#### SOURCE MATERIAL
------------------------------------------------

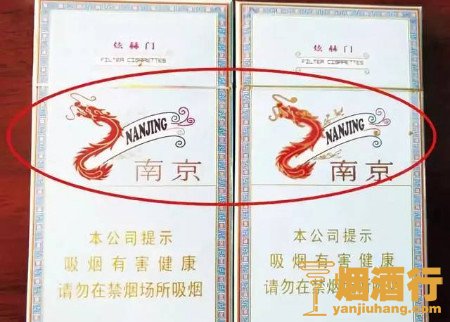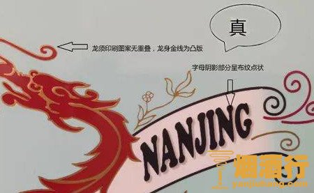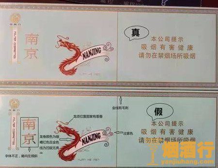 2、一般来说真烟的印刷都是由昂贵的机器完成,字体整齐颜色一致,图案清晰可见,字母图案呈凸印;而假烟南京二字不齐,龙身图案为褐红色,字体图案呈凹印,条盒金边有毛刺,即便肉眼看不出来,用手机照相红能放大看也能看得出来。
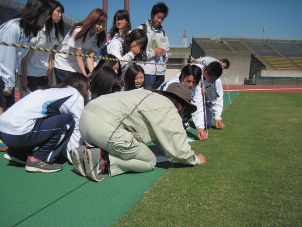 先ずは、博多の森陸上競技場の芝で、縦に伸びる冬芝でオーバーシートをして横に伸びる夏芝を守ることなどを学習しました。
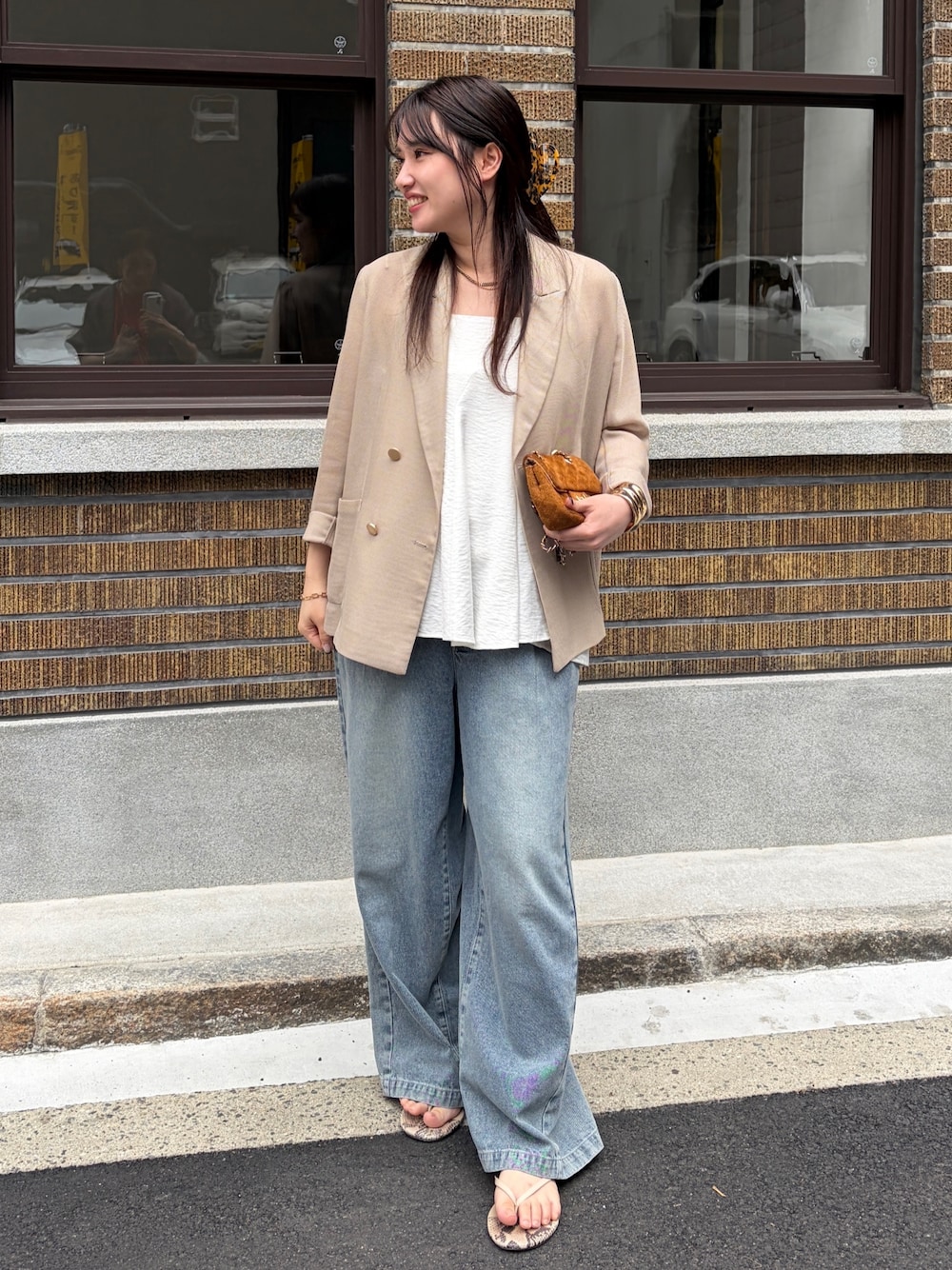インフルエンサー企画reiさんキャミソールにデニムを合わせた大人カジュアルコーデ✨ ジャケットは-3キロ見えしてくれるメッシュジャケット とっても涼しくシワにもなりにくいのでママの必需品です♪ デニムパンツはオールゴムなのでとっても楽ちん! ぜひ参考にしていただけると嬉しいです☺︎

------------------------------------------------

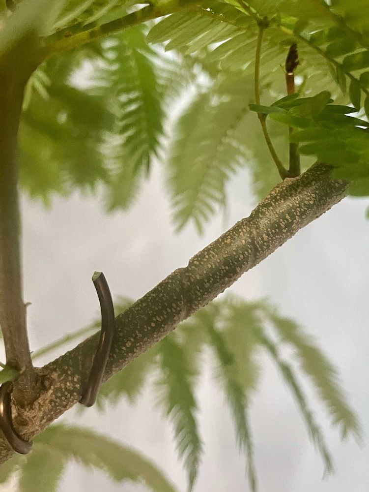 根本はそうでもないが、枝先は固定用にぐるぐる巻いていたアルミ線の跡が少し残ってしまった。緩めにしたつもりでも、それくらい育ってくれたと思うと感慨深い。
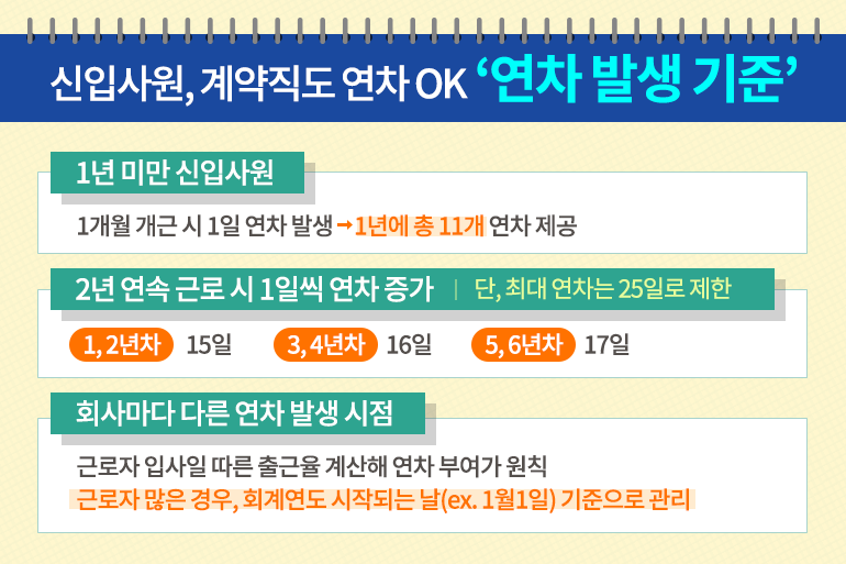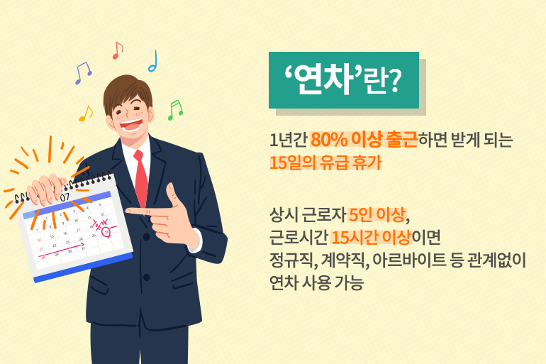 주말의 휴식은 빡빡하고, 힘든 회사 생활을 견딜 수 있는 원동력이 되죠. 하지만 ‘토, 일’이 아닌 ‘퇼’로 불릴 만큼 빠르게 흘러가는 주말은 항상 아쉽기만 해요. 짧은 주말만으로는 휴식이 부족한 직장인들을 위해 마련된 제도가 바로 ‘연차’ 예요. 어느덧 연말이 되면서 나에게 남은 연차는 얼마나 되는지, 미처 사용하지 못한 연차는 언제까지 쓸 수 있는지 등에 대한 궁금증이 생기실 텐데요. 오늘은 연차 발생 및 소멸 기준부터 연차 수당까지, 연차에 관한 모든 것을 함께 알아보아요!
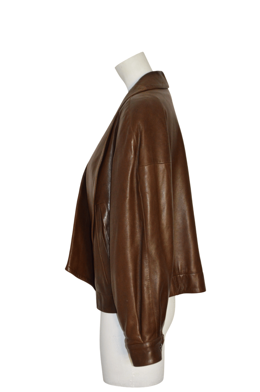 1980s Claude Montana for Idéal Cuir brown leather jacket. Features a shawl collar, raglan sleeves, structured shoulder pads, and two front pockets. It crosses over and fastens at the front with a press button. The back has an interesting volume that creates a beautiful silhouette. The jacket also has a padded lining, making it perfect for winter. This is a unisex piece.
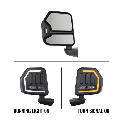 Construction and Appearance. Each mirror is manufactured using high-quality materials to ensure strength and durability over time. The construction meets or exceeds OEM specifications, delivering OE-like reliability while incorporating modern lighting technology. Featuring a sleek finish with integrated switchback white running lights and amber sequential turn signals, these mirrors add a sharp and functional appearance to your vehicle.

------------------------------------------------

#### TASK OBJECTIVE
Reproduce the entries exactly, from the line with "根本はそうでもないが、枝先は" to the line with "주말의 휴식은 빡빡하고, 힘든", both lines included, keeping no pictures.

#### EXERCISE SOLUTION
 根本はそうでもないが、枝先は固定用にぐるぐる巻いていたアルミ線の跡が少し残ってしまった。緩めにしたつもりでも、それくらい育ってくれたと思うと感慨深い。
 주말의 휴식은 빡빡하고, 힘든 회사 생활을 견딜 수 있는 원동력이 되죠. 하지만 ‘토, 일’이 아닌 ‘퇼’로 불릴 만큼 빠르게 흘러가는 주말은 항상 아쉽기만 해요. 짧은 주말만으로는 휴식이 부족한 직장인들을 위해 마련된 제도가 바로 ‘연차’ 예요. 어느덧 연말이 되면서 나에게 남은 연차는 얼마나 되는지, 미처 사용하지 못한 연차는 언제까지 쓸 수 있는지 등에 대한 궁금증이 생기실 텐데요. 오늘은 연차 발생 및 소멸 기준부터 연차 수당까지, 연차에 관한 모든 것을 함께 알아보아요!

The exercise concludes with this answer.